Teegee took an extra year to finish his undergraduate degree and Alec agreed to wait until he had finished before applying for medical school.

It worked out and by 2012 both were in the Northern Medical Program where they continued to support one another for the next four years.

"It's always nice to have a partner in crime," Teegee said.

"And when you're down in the dumps and your not feeling motivated to study, they're kind of saying 'c'mon, we've got to keep going' and vice-versa."

Teegee will now enter a five-year residency in Vancouver to specialize in dermatology and Alec is starting a two-year residency in Prince George to become a general practitioner. Alec will be working at the office of doctors Ed Turski, Lindsay Kwantes and Garry Knoll.

Both Teegee and Alec are aboriginal. While he grew up in Fort St. James, Teegee is a member of the Takla Lake band, a 2 1/2-hour drive to the north, and Alec grew up in Nak'azdli on the edge of the Fort St. James township.

Although still few in number, Teegee said doctors with First Nations roots are becoming less and less rare.

The two have long had an interest in medicine.

Teegee said his grandmother, Sarah, was a big influence. She worked at Stuart Lake Hospital and "always sung the praises" of Paul Stent, Marc Bosenberg and Denis Brown - "all South African doctors who came up work together in a group practice way back in the '90s."

She also became the hospital's first aboriginal-patient liaison.

"She was just a janitor at the hospital but Dr. Stent would lean on her," Teegee said.

"Half the community is First Nations and Dr. Stent had no idea how to communicate what their symptoms are. He would pull grandma (in) to translate."

Teegee said he was also highly motivated by the feeling he got when he saw his name at the top of the honour roll as well as by the competition that came with being in the same class as the doctors' children.

As for Alec, he said he wanted to become a doctor from a fairly young age.

"I just enjoyed the sciences and stuff so it was always kind of a big goal, probably closer to high school," Alec said.

Alec is working towards becoming a general practitioner because of the variety.

"I like the cradle to grave services," he said.

"You have a good diverse practice where you can really work with different types of medicine and I thought it would be good to work back home, being a family physician."

Alec has already found that being aboriginal can be an asset.

"The last patient I'd seen was a little bit more open to talk about some really difficult topics," Alec said.

But you don't have to be aboriginal to work with First Nations patients.
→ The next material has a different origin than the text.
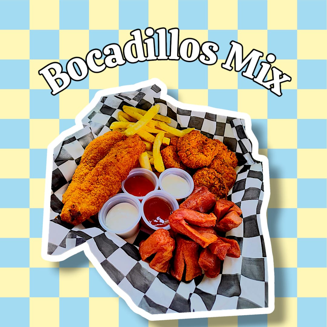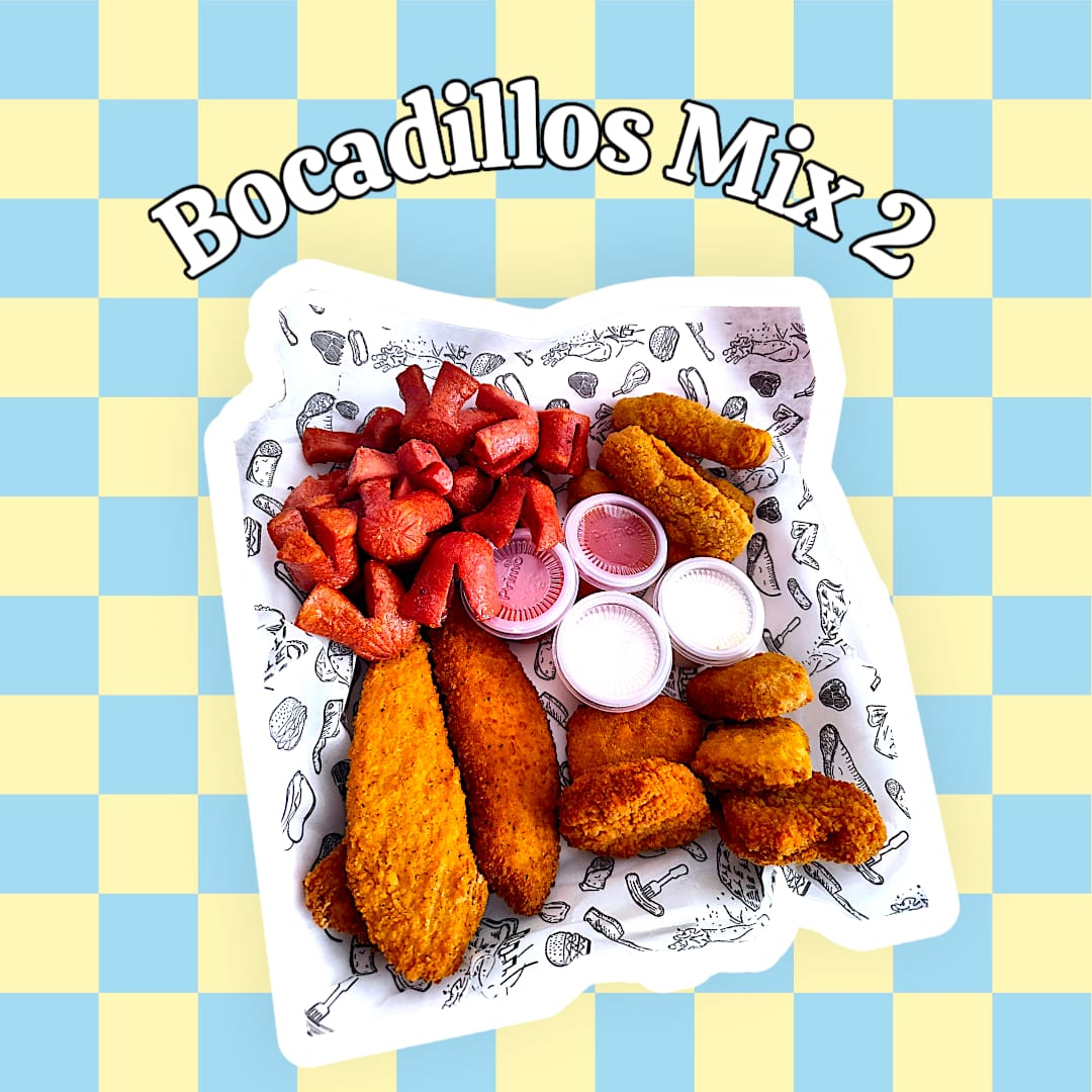 Bandeja de bocadillos con 4 porciones Mixeadas de Tenders, Salchipulpos, Nuggets y Dedos de queso, complementados con 4 aderezos de su elección.

Between finishing his undergraduate degree and entering medical school, Teegee worked in the Carrier Sekani Family Services' health department where he helped establish a program that allows doctors and nurses to consult patients on their own reserves, flying in by helicopter if need be.

"I think aboriginal and non-aboriginal doctors that understand the issues that First Nations deal with can equally do important roles for them," Teegee said.

"Of course, we'll say there is a preference for aboriginal doctors because we understand the struggles but I don't want to alienate non-First Nations who want to do the same work.

"It just takes a special type of person and a special type of character and understanding of the people to be able to do it."

Teegee chose dermatology because of all the rotations he went through while in medical school, it was the one he fell in love with.

"I had already been studying physiology and I thought I had already mastered the human body," Teegee said.

"The skin is a thing of its own and it was all so new to me and you really have to put a lot of work into it to understand it."

Teegee and Alec credit more than just each other for graduating from the program.

Both had accolades for their wives and immediate families as sources of support.

But there was also a fair amount of just digging deep within themselves.

"I kept keeping an eye on the prize and that really helps when you're super tired and you have quite a bit of assignments to do and exams," Alec said.

"You always kind of doubt it too, because not everyone gets into medical school."